There are not nearly so many dataset statuses, but the story is the same: check whether status.find(‘retracted’)>=0 .

You don’t have to worry about corrupting sdt6.db. It is not my working database, or even my main backup. It's there for you. Every night a little past 11:00pm, my working database is copied over it. If you will want to reference it around that time, let me know and I will change to do a copy-delete-rename rather than a simple copy.

pochedls commented 4 years ago

@painter1 - I appreciate your fast response. So I didn't find any datasets with the status retracted - but there were many files with this status (I killed my query).

Our xml files are granular to the path level (e.g., we run cdscan -x xmlname.xml /path/to/data/*.nc); we don't care that much about individual files. How can I best figure out which xml files should be removed due to data retractions?

Would I run a query like this:

SELECT * FROM file WHERE status='retracted';

and then parse every file to subset the unique local_path values?

painter1 commented 4 years ago

SELECT FROM file WHERE status LIKE '%retracted'; SELECT FROM dataset WHERE status LIKE '%retracted';

In the working copy of the database at this moment, there are 2,685,804 files and 112,113 datasets matching the above criteria. Your sdt6.db dates from last night, so your numbers today would be a little less.

I'm not totally confident that the dataset and file lists match as well as they should. But I am totally confident that everything marked as 'retracted' really is retracted.

Both the file and dataset tables have a column 'local_path'. It will start with CMIP6/ and end with the filename for files, or the version for datasets. If you organize things by path, you might want to look at that.

pochedls commented 4 years ago

I created a retract script, which looks at @painter1's database and finds retracted datasets. It then ignores any matching datasets in the xagg database, gives them error=retracted, and deletes any xml files that were generated. It removed around 24k files.

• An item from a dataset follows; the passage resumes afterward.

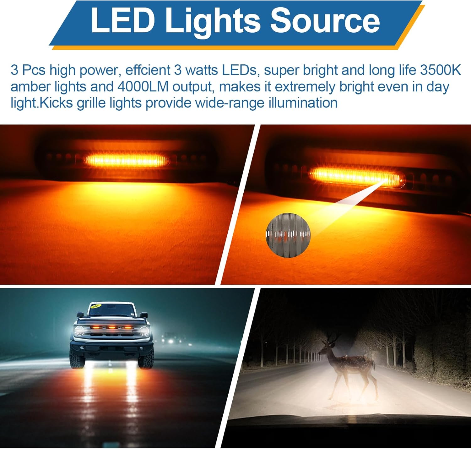 LED Grille Lights for 2024 Ford Bronco Accessories 2021 2022 2023 Front Grill Insert Light Black Snap on Lamps Fit for Big Bend Outer Bank 2/4 Door (Amber Lights, 3PCS)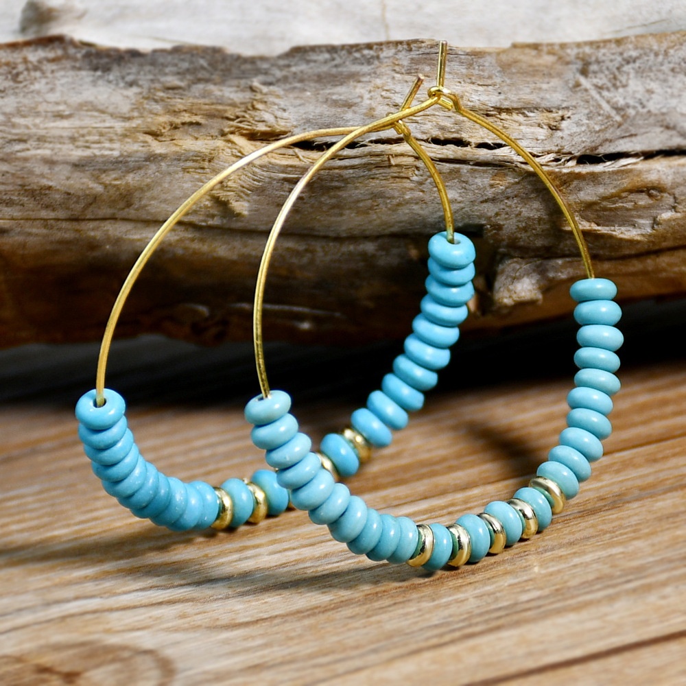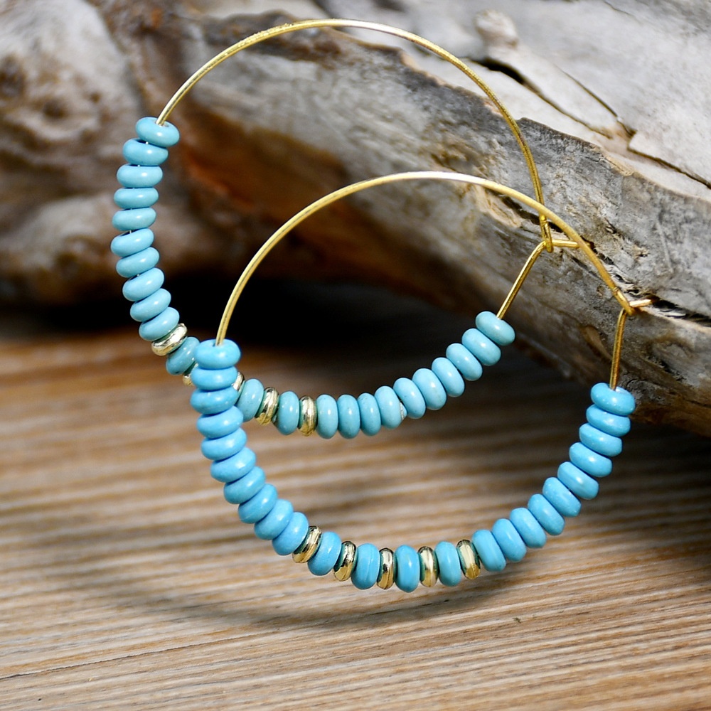 Ethnic Style Ear Jewelry High-end Niche Turquoise Earrings Female Geometric Large Earrings European And American Retro Earrings

Need to incorporate this into nightly job before resolving the issue.

durack1 commented 4 years ago

@pochedls a problem with this is that an analysis that has been published that used the now retracted data will not be reproducible. My preference would be to update the filename of the xml (using the 000000.xml identifiers) and keep the xml around, and only purge this if the data itself was purged.

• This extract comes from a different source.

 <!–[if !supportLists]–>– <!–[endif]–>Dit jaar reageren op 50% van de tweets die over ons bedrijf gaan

pochedls commented 4 years ago

This is kind of complicated, rare situation, and I already purged the xmls that correspond to retracted data (as outlined above). In the future, I'll move the retracted xmls to a retract directory if people need to access them. If I find a file is retracted before a scan, my plan is to never scan it.

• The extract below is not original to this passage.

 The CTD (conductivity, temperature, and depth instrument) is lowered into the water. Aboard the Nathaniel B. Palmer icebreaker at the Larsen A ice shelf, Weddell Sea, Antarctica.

durack1 commented 4 years ago

When I eventually get back into my env, I'll not be surprised if some of the data that I generated for the AR6 SOD is no longer available, I suppose it's not published, but not the most ideal situation.

Absolutely no need for any action in response to my query, but it would be great to think a little about this and consequences before implementing future changes

pochedls commented 4 years ago

@durack1 - why do you want to use data that was explicitly retracted?

durack1 commented 4 years ago

Simple really, I want to be able to recreate a past analysis. In the case that there was a query, I would want to be able to understand what the implications were for (at the time) erroneous data being included that were later identified as problematic and unpublished. In the case that such data no longer exists, you can't do any detective work to ascertain how such errors impacted your analysis

pochedls commented 4 years ago

@durack1 - I will regenerate the xml files that correspond to retracted data over the weekend. The updated script will move these files to /p/user_pub/xclim/retracted/.

durack1 commented 4 years ago

Sorry we didn't chat about this before the 24k were killed/deleted, I hope this isn't much work, if it is then it's not a priority at all

pochedls commented 4 years ago

These files are now in the retracted directory. Ticket is still open because I need to setup a cron job to automate this process.